Low, Rob. “Insurance won’t cover couple’s destructive wall collapse.” kdvr.com. Fox 31 Denver, January 22, 2015.
Video link: click here
DENVER — It’s a sight no homeowner wants to come home to: The north wall of their house gone, the interior exposed to the elements of winter.
Cort Cagle and his wife Cody Galloway haven’t been able to live in their own home since November 21, 2014. That’s when an excavation crew digging a foundation next door caused an entire two-story brick wall of their home in the historic Five Points neighborhood to collapse.
State Farm insurance denied the couple’s claim because it said earth movement is not covered.
The couple’s denial letter lists, “Earthquake, landslide, mudflow, mudslide, sinkhole, subsidence, erosion…or any other external forces” as factors that are not covered by the homeowner’s policy.
“I don`t understand why you have homeowner`s insurance if you aren`t covered for something that is so outside of your control,” Cody Galloway said.
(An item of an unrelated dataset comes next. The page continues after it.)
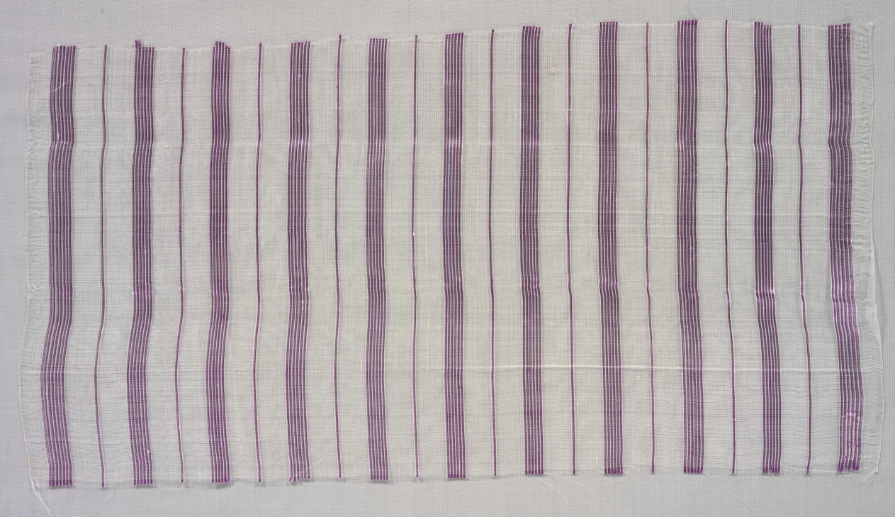 This fabric is woven in plain weave using a piña ground with vertical bands of closely spaced silk warp stripes arranged in a repeating pattern. The stripes run the full length of the cloth.

The couple’s attorney, Cass McKenzie, said State Farm is interpreting its policy unfairly. “It really wasn`t the bulldozer that was the problem, it was the soil that they moved was the problem, that`s a technicality,” complains McKenzie, who added, “If the bulldozer had run into the house and hit it, instead of just moved the soil that was next to it causing the collapse, then we have a completely different scenario.”
The couple is expecting their first child in March. They had spent the last four years renovating the home at 2438 Glenarm Place just east of downtown.
“Got it to the point where we loved the house and where it was our dream house basically,” said Cagle.
He and his wife had predicted disaster just hours earlier after seeing how close the excavation crew was digging next to their house.
“Even jumped down into the hole and ran up to the excavator and was like, ‘You`re crazy. I can`t believe you`re getting this close to my house. Don`t get any closer to my house,’” Cagle remembers telling the backhoe operator.
Cagle’s wife Cody Galloway had emailed the property owner next door, writing, “We are really concerned with this huge hole that was dug yesterday that is literally less than two feet from our house … our house collapsing is a real possibility.”
Just a few hours after she sent the email, firefighters were called to the home because of the wall collapse.
An attorney for JBC Enterprises, the excavator who caused the accident, said his client won’t release a statement because of potential litigation and insurance claims.
One thing is clear though, JBC Enterprises, won’t face a fine from the city of Denver.
The City’s Construction Engineer, Paul Schaffer, said the accident is a civil matter. He said the city’s role is simply to provide permits if a contractor submits a shoring plan signed by a state certified engineer. “It was a shoring failure,” claimed Schaffer who added JBC “didn’t look at the entire plan and follow it.”
Schaffer said he discovered discrepancies in the engineering plan after the fact, but insisted it’s not the responsibility of city reviewers to catch flaws in a shoring plan. “They do not check an engineer`s document. They`re not engineers. They`re residential plan reviewers.”
Schaffer said the city only requires its engineers to double check shoring plans for commercial projects. He explained there is no city code for how shoring is done on residential projects. As long as a certified engineer submits a plan, Schaffer said it’s up to the excavator to follow it.
“We do like 20 to 50 a month in this town right now and this is the first time we`ve had a problem with it. It`s really a breakdown in communication of the plan by the contractors,“ Schaffer said.
In the meantime, Cort Cagle and his wife Cody Galloway are stuck paying the mortgage for a house they can’t live in while they also pay rent for a new home.
“Out of pocket on everything until who knows?” said an incredulous Cagle. His wife added even more depressing news, “We`ve heard from a couple of structural engineers that the house is likely not savable.”
The couple won’t be allowed to retrieve their furniture until contractors stabilize it. Even if the couple wins a lawsuit, they insist it will never make them whole. “How does this happen?” Galloway wondered.
The couple is now considering lawsuits against their next-door neighbor, his contractor, engineer, subcontractor JBC Enterprises and State Farm insurance.